High Level Architecture of Hadoop cluster
As we already know Hadoop is an open-source software framework for storing data and running applications on clusters of commodity hardware.
What is commodity Hardware?
Commodity Hardware is really inexpensive affortable and easy to obtain Computers
Why is Hadoop important?
Hadoop is importent because of its ability to store and process huge amounts of any kind of data with the desired throughput. It is also capable to handel the data whose volume and verity is constently increasing and changing.
Hadoop cluster is capable to deliver as high computing power as required. For more processing power you just need more computers.
Another charactristic of Hadoop is to provide full fault tolerance although the individual computers are fault prone. How ? will see in this post later when we will discuss about HDFS.
Together with the above listed adventage Hadoop is really flexible, lowcost and really scalable.
These adventages of Hadoop making it famous in the world of Big Data.
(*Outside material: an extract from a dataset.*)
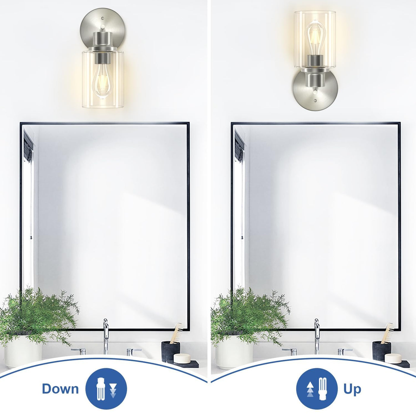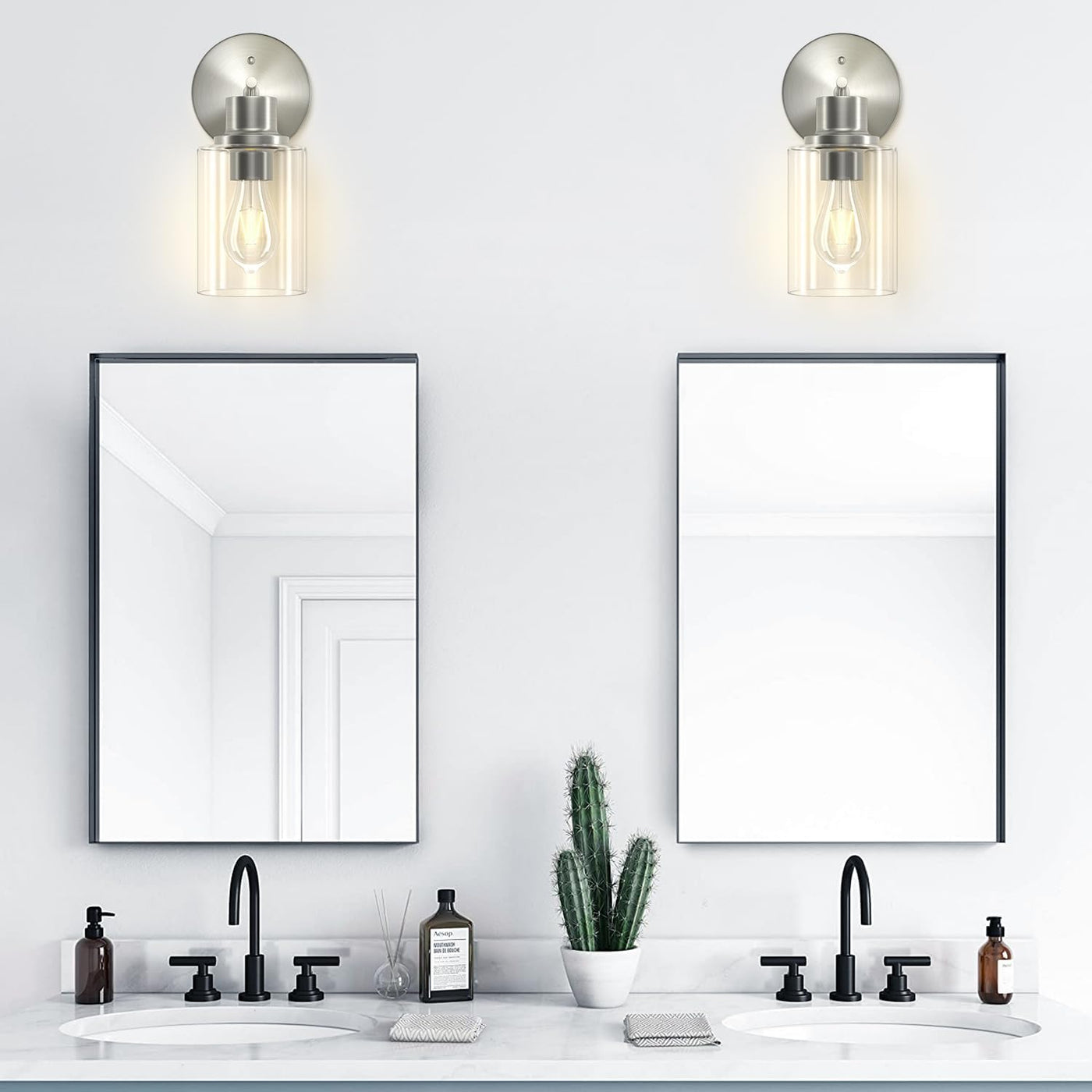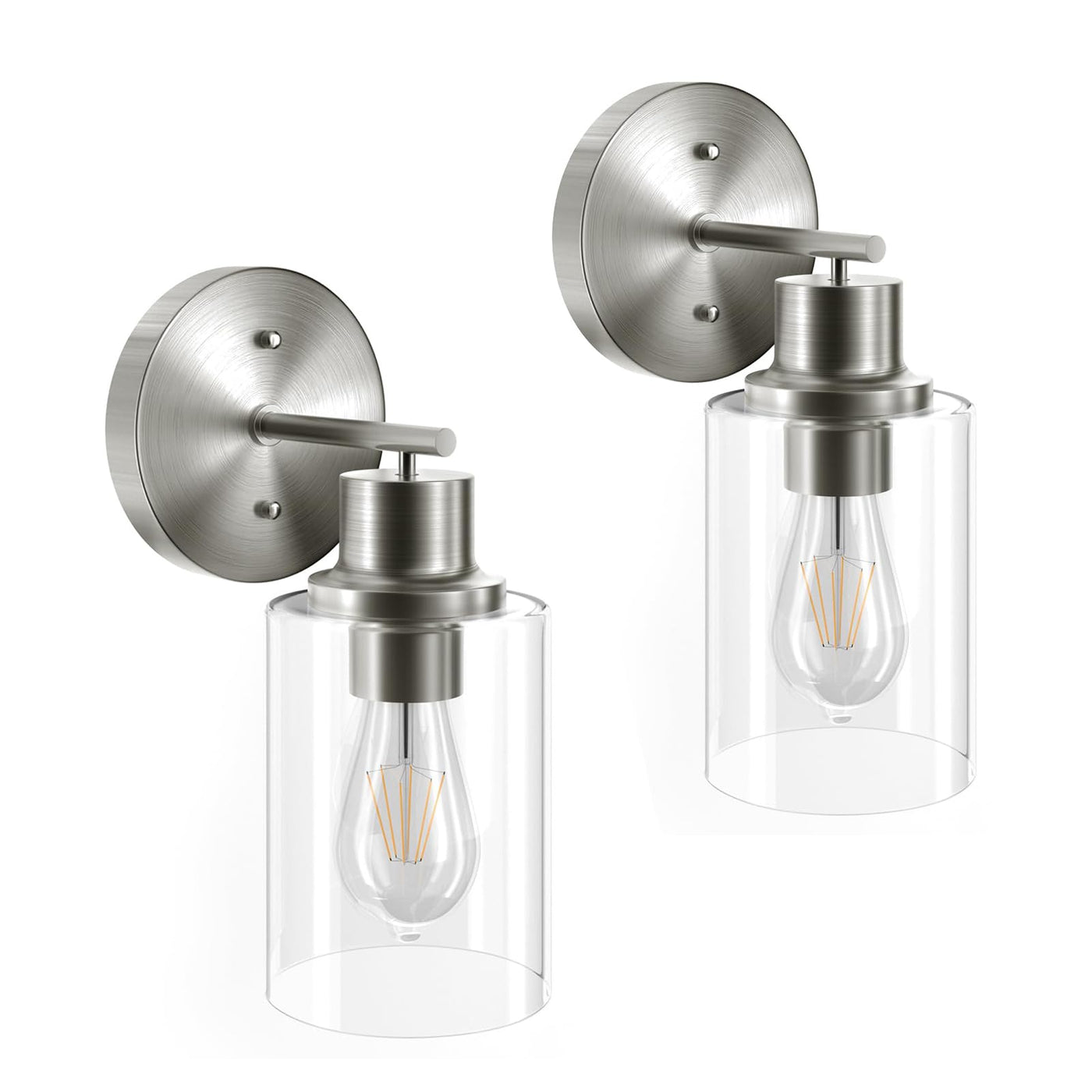 Gordnwe Set Of 2 Bathroom Wall Sconce, Brushed Nickel Vanity Light, Modern Wall Light Fixture With Clear Glass Shade And E26 Bul

I will discuss more in detail how Hadoop is achieving all these features but first let us see the core component of Hadoop
Core Hadoop Components
As you can see in the figure the core components of Hadoop are
- Hadoop Common
- Hadoop Distributed File System (HDFS)
- MapReduce
and
- Data Access/Data Processing/Monitoring and Management Components
Hadoop Common
Hadoop common is a collection of components and interfaces that supports other hadoop module. For example, if HBase and Hive want to access HDFS they need Java archives (JAR files) that are stored in Hadoop Common. Hadoop common also contains the necessary Java Archive (JAR) files and scripts required to start Hadoop.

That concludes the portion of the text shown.